The years since then have been jam-packed – a sort of whirlwind of activity as our babies grew from tiny premature infants in the NICU to the giggly, sweet 12 year olds they are today.  But those tough “getting pregnant” years never really leave me.  They are ever-present, lingering at the bottom of my thoughts, sitting silently, informing and influencing the kind of mother I am and serving as a constant reminder of the two remarkable gifts I’ve been given.

 

That’s me 5 months pregnant with twins, not long after turning 50.

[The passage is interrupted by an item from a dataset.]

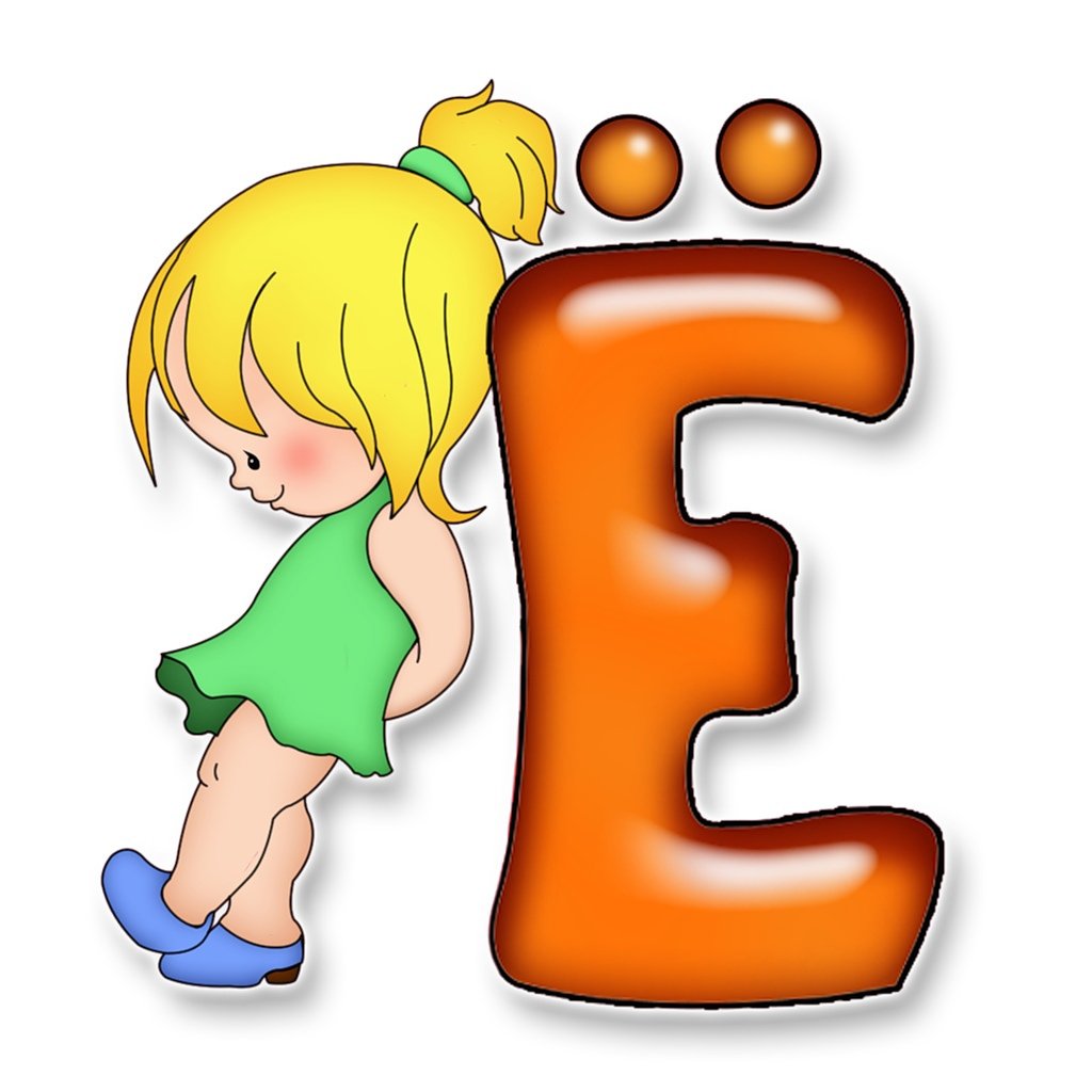 ![Буква е мультяшная с ребенком]()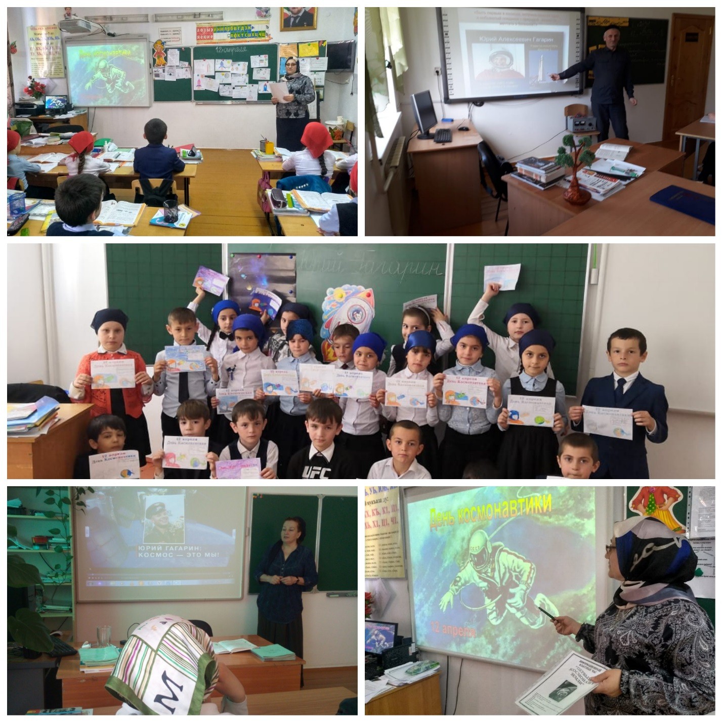 В начальных классах проведены классные часы, на которых дети узнали о первом космонавте Юрии Гагарине, выходе человека в открытый космос, о работе МКС.

Phases in Childhood and Parenting

The colic, the diapers and the sleepless nights are finite.  Eventually they all go away, are resolved.  Sometimes they are replaced by other things that are equally problematic and annoying, but by now you are beginning to see the trend and are slowly gathering more skills as each “phase” of childhood comes and goes.  What didn’t come and go for me was the weight of being so utterly responsible for two helpless human beings.  Yes, they are eventually potty trained and tie their own shoes and do their own homework (ok, maybe I help a little).  Mine even walk home from school on their own.  But what they need from me doesn’t diminish.  It just shifts.  In fact, as I look out the diner window this morning and see a dad pushing his toddler in a pink plastic kiddie car across Broadway at 7:30 on a Saturday morning, I think those years were somehow easier.  Now I know all of you sleep-deprived parents with tiny children would like to come at me with a sharp object right now, but it’s true.  The endless things that needed to be done when they were tiny seemed straight ahead, attainable – dirty diapers – change it, baby crying – feed her, then cuddle – wakes up in the middle of the night…..ok, that one can definitely be a bit tortuous.  But as my children grow, they need guidance, explanations, someone to commiserate with, to vent to, good listeners who are available any time of the day or night.  These are not things I can check off a list so easily nor are they usually things I can “fix”.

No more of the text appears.